__Your task__: The answer must consist solely of the lines from the opening line of the entries through the line with "9日(土)の1・2時間目、5", transcribed exactly and without any pictures.

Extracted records
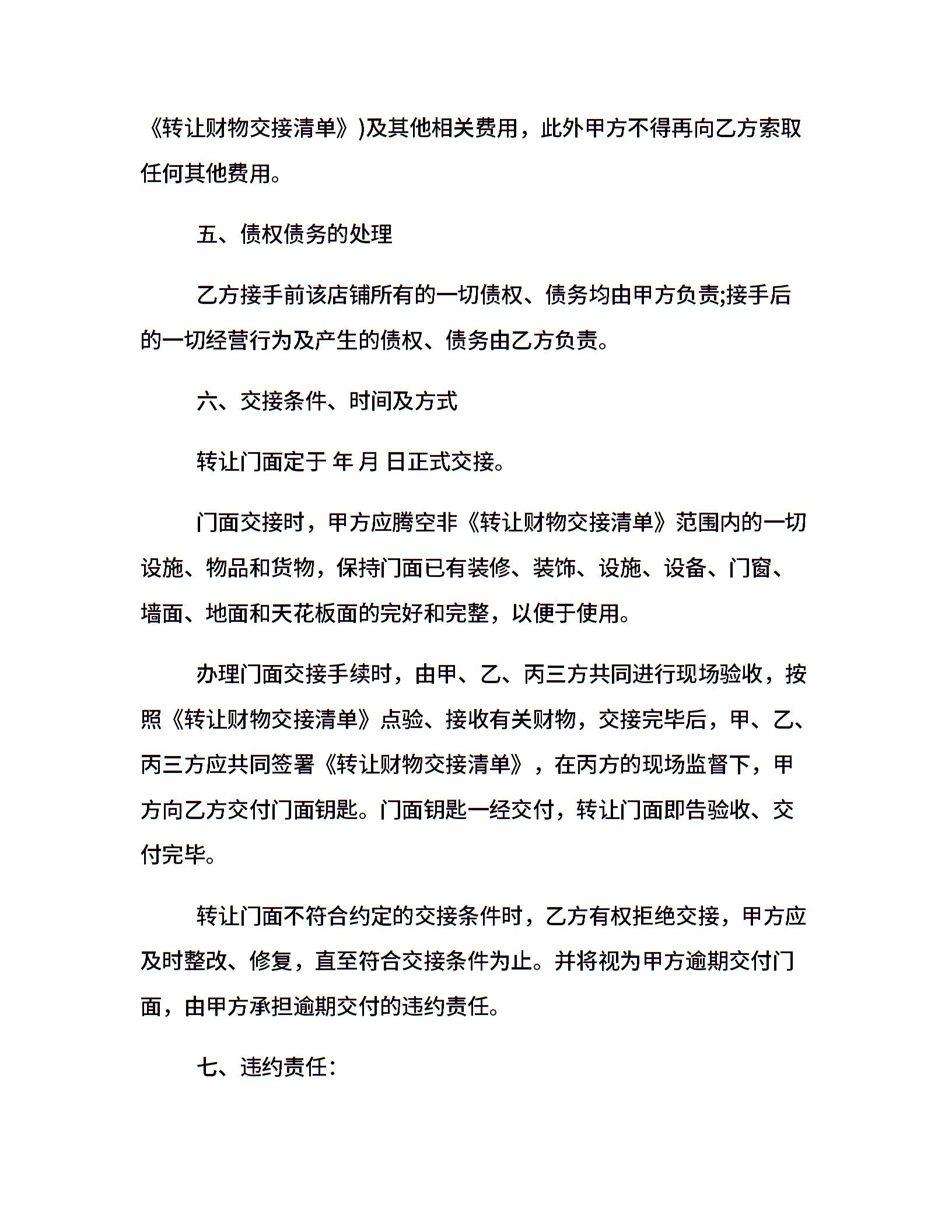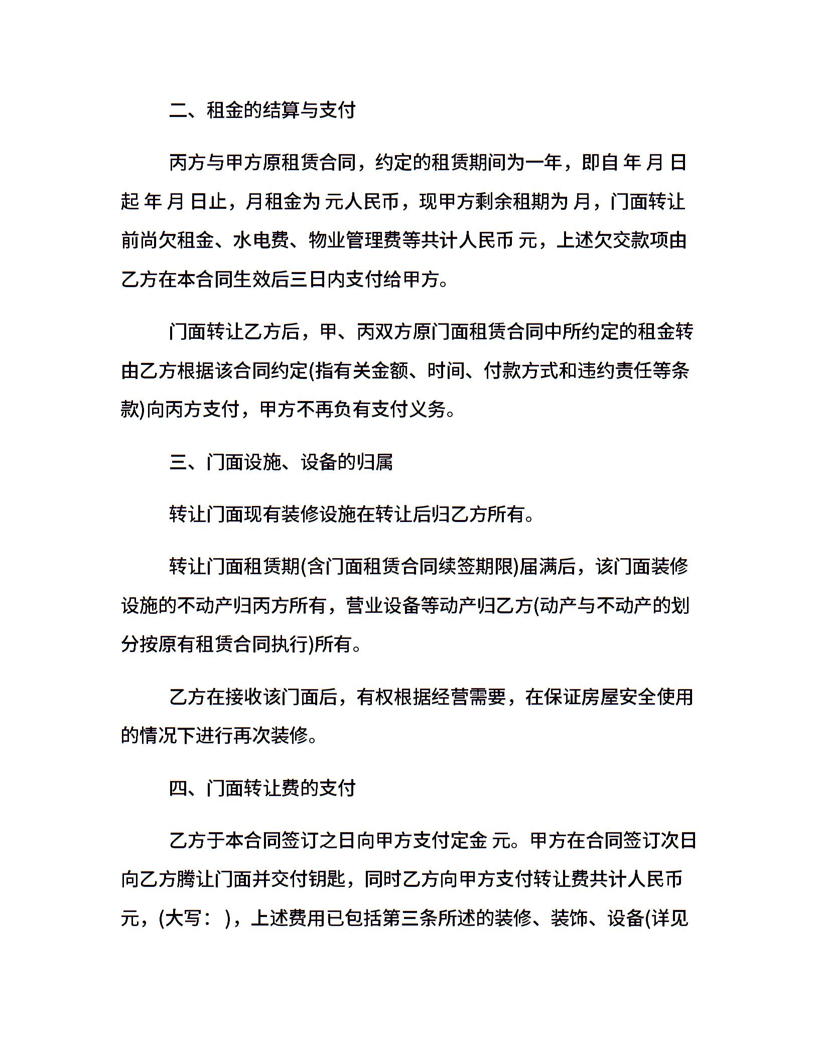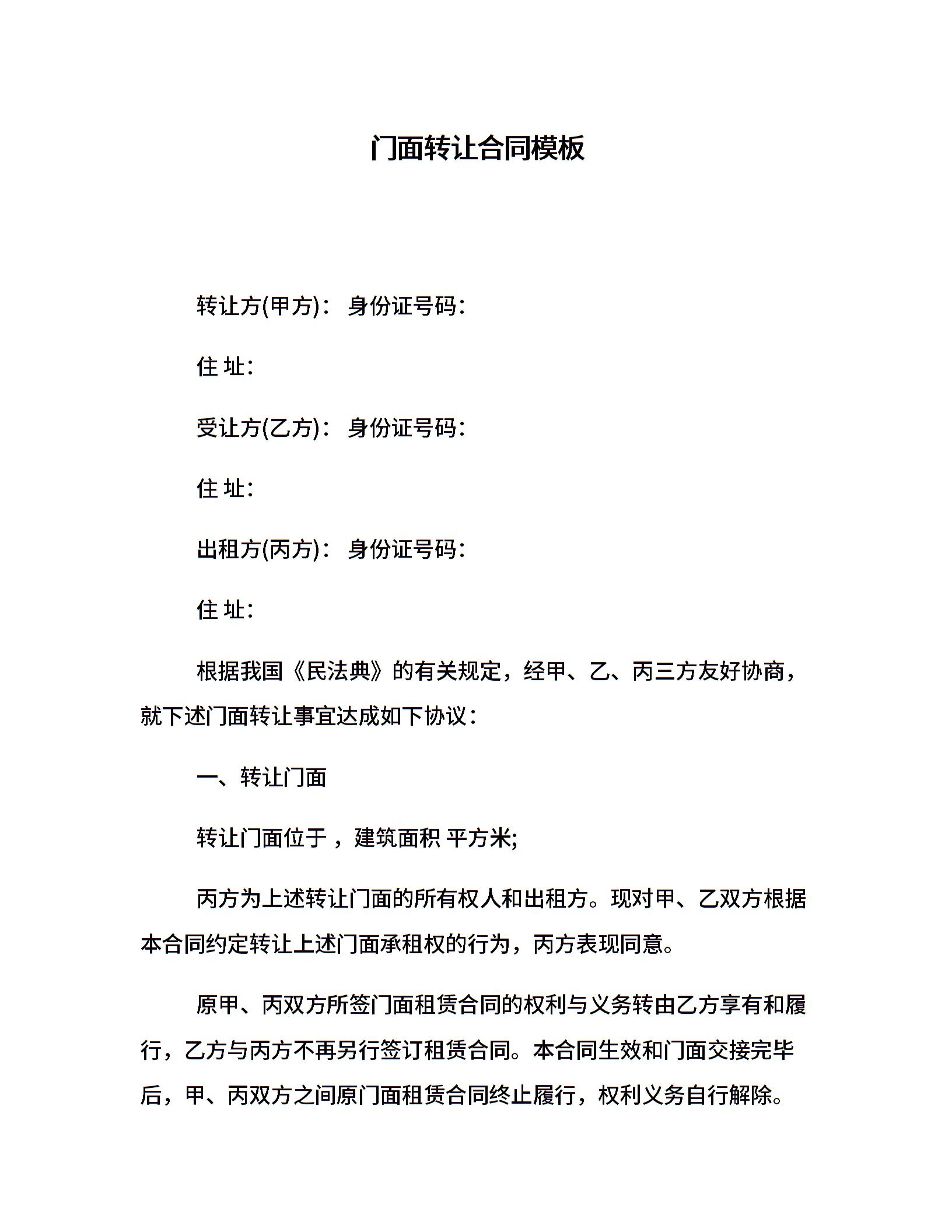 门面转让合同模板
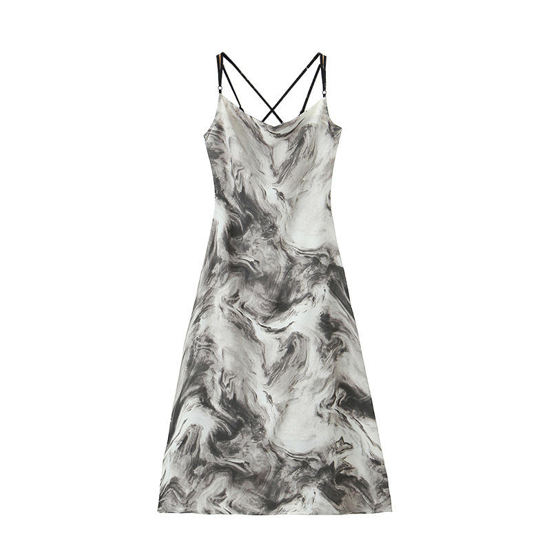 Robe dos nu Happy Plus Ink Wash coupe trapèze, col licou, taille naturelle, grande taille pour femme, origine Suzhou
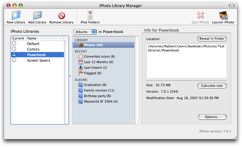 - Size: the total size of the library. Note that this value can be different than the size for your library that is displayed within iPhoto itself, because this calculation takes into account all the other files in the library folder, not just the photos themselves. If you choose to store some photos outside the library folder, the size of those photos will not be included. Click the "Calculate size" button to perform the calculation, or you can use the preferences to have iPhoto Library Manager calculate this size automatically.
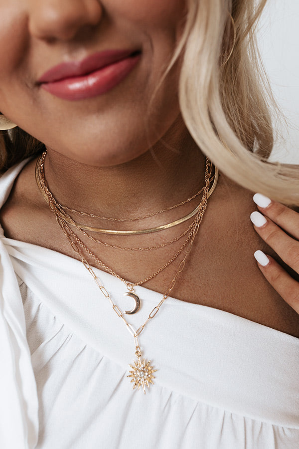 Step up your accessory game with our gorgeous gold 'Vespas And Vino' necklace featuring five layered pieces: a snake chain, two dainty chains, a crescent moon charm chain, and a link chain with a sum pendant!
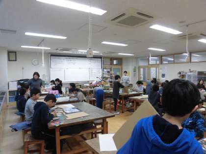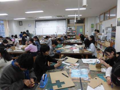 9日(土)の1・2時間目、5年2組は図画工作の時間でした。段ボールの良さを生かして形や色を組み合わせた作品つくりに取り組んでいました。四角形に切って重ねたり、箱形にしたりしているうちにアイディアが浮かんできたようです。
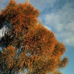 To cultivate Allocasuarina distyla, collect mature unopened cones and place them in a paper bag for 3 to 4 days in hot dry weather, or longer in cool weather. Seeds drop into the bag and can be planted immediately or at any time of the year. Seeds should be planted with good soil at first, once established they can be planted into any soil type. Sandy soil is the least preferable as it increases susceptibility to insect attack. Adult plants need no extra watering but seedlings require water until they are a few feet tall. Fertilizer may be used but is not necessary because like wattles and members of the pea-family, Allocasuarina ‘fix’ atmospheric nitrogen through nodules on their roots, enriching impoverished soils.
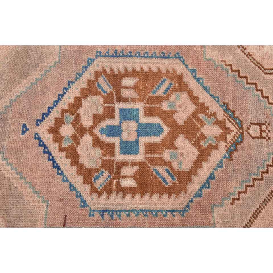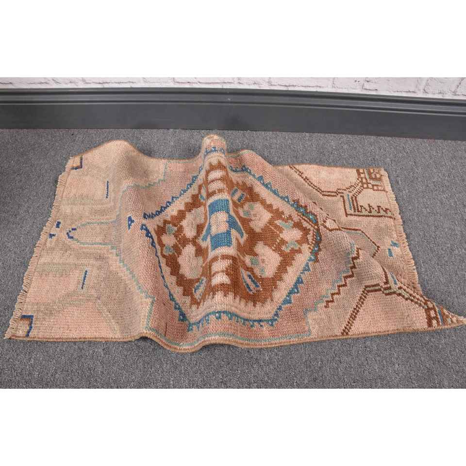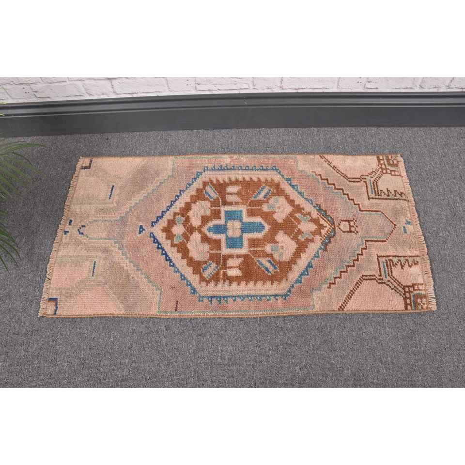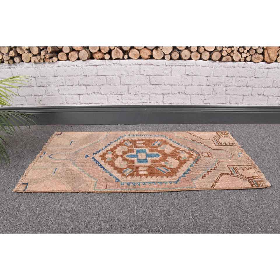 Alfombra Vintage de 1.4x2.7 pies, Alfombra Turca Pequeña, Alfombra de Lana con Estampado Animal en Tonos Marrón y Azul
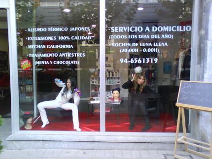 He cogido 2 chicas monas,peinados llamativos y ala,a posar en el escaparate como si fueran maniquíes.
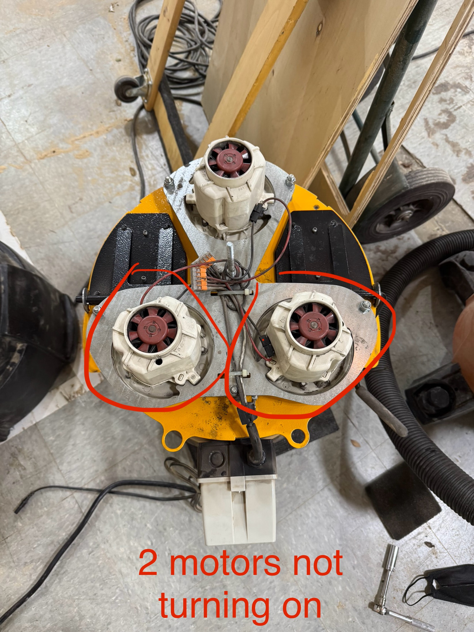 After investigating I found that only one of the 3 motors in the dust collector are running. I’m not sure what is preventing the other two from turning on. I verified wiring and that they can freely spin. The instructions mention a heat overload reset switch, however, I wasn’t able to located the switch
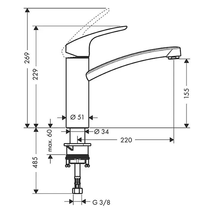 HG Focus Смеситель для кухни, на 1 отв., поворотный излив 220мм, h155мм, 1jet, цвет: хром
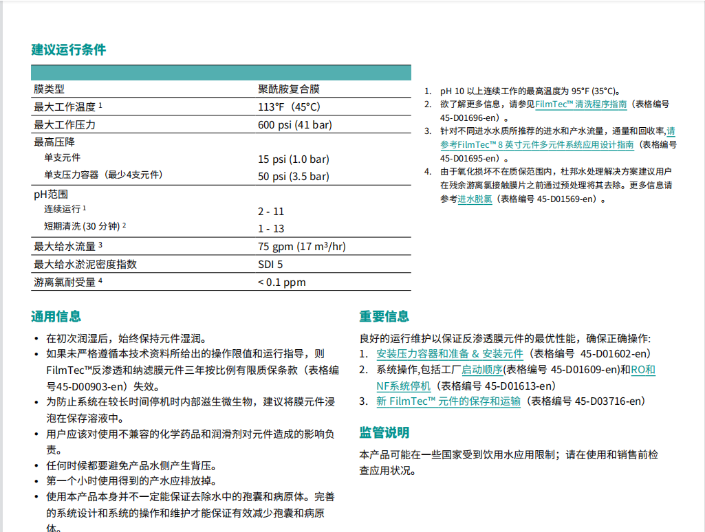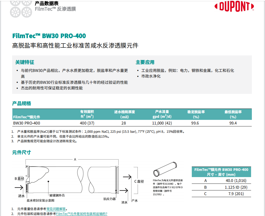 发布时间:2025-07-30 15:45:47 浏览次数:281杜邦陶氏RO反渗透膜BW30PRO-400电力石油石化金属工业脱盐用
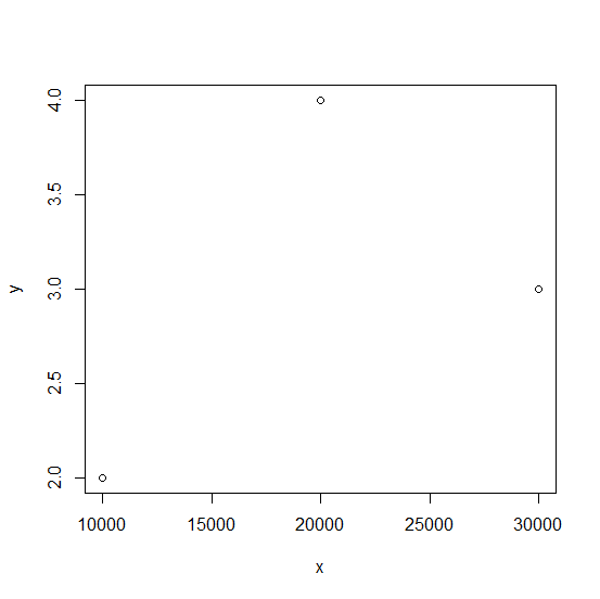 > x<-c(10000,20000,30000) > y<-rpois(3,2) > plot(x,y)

__Finished exercise__:
 门面转让合同模板
 Robe dos nu Happy Plus Ink Wash coupe trapèze, col licou, taille naturelle, grande taille pour femme, origine Suzhou
 - Size: the total size of the library. Note that this value can be different than the size for your library that is displayed within iPhoto itself, because this calculation takes into account all the other files in the library folder, not just the photos themselves. If you choose to store some photos outside the library folder, the size of those photos will not be included. Click the "Calculate size" button to perform the calculation, or you can use the preferences to have iPhoto Library Manager calculate this size automatically.
 Step up your accessory game with our gorgeous gold 'Vespas And Vino' necklace featuring five layered pieces: a snake chain, two dainty chains, a crescent moon charm chain, and a link chain with a sum pendant!
 9日(土)の1・2時間目、5年2組は図画工作の時間でした。段ボールの良さを生かして形や色を組み合わせた作品つくりに取り組んでいました。四角形に切って重ねたり、箱形にしたりしているうちにアイディアが浮かんできたようです。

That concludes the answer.